Grandma Sara explained that she took the inspiration from my eulogy. I didn't know what to say.
After her death the following year, I had hoped my dad's twin sister would send me the painting. She didn't.
Sis didn't want any more paintings. She hadn't yet landed her new job, didn't have a place of her own and wasn't sure what she was going to do with all the canvases she had been given. But my cousin Yuval insisted on wading into his parents' attic and pulling out more for her.
"He said, 'Wait, there's one last painting,'" Sis recounted to me later. "I didn't even want to see it, but then he pulled it out and it was this picture of Dad."
Before she could, I described it.
"Yeah," she said. "That's it.

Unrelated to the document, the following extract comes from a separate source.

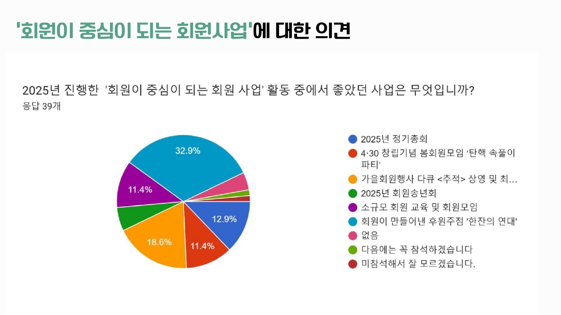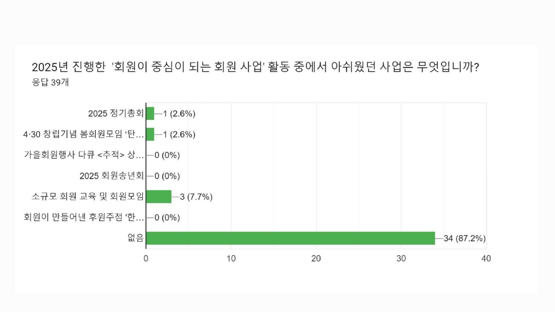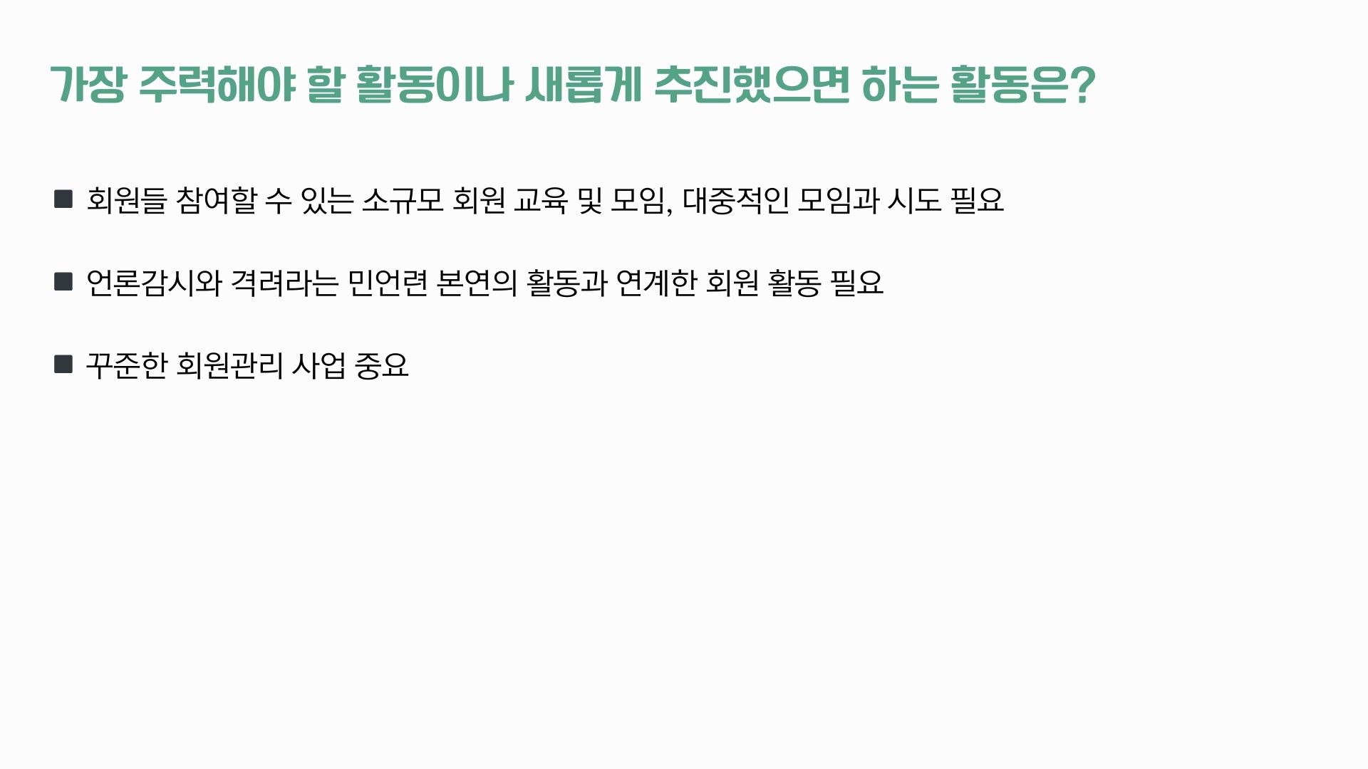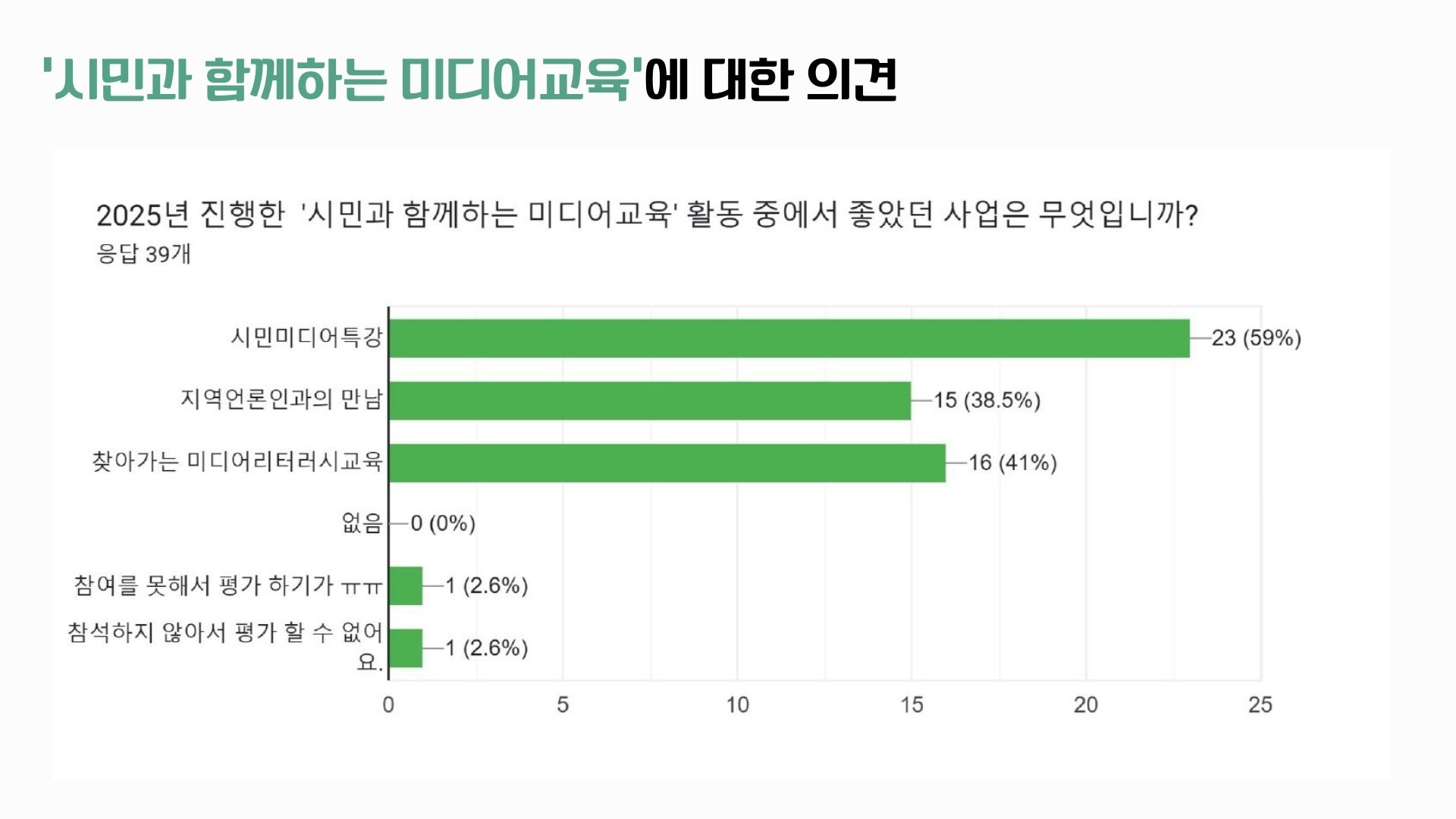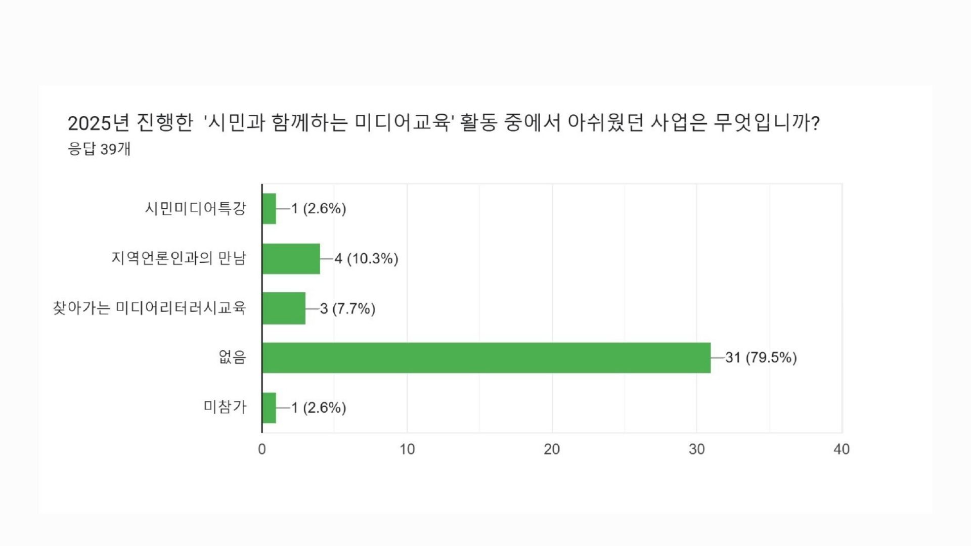 38명의 회원분들께서 사업 분야별로 좋았던 사업과 아쉬웠던 사업, 그리고 더 중점해야할 의견 등을 직접 남겨주셨습니다. 특히 회원들께서는 2025년 전체 활동 중에서 ‘지역언론 보도/프로그램 감시와 비판 활동’을 가장 좋았던 활동으로 꼽아주셨고, 이어 언론개혁 및 지역언론공공성 강화를 위한 활동’을 선택해주셨는데요, 부산민언련 본연의 언론감시, 언론개혁 활동을 중요성을 한 번더 강조해주신 것으로 보입니다. 아쉬웠던 부분은 회원 중심의 회원사업이었는데요, 회원님들이 주신 의견 모아 2026년 사업에 반영하고 추진할 계획입니다. 직접 주신 의견들은 요약해 공유드립니다.

How did you know?"
It took me a while to get over it, the idea that the painting I wanted all these years was going to be handed over to my sister instead of to me. "Don't be jealous," I told myself. "He was her dad, too."
You know how this ends, don't you? How things come back to you when they're yours?
Before heading for Northern California to start her new job last month, Sis showed up at my place. It was raining. Hard. She came to pick up my old dining-room table. She surprised me with the painting.
"It belongs with you," she said.
I felt like I did the first time I saw it: stunned. Reunited. I didn't know what to say back then. But now I do. It's so simple; I should have said it to my grandmother before I ever thought it could be mine.
I should have said it to my father more, before his image was committed to canvas. I should say it more often to more people.
After all these years of not knowing what to say, I said it. To my grandmother. To my dad. To Sis.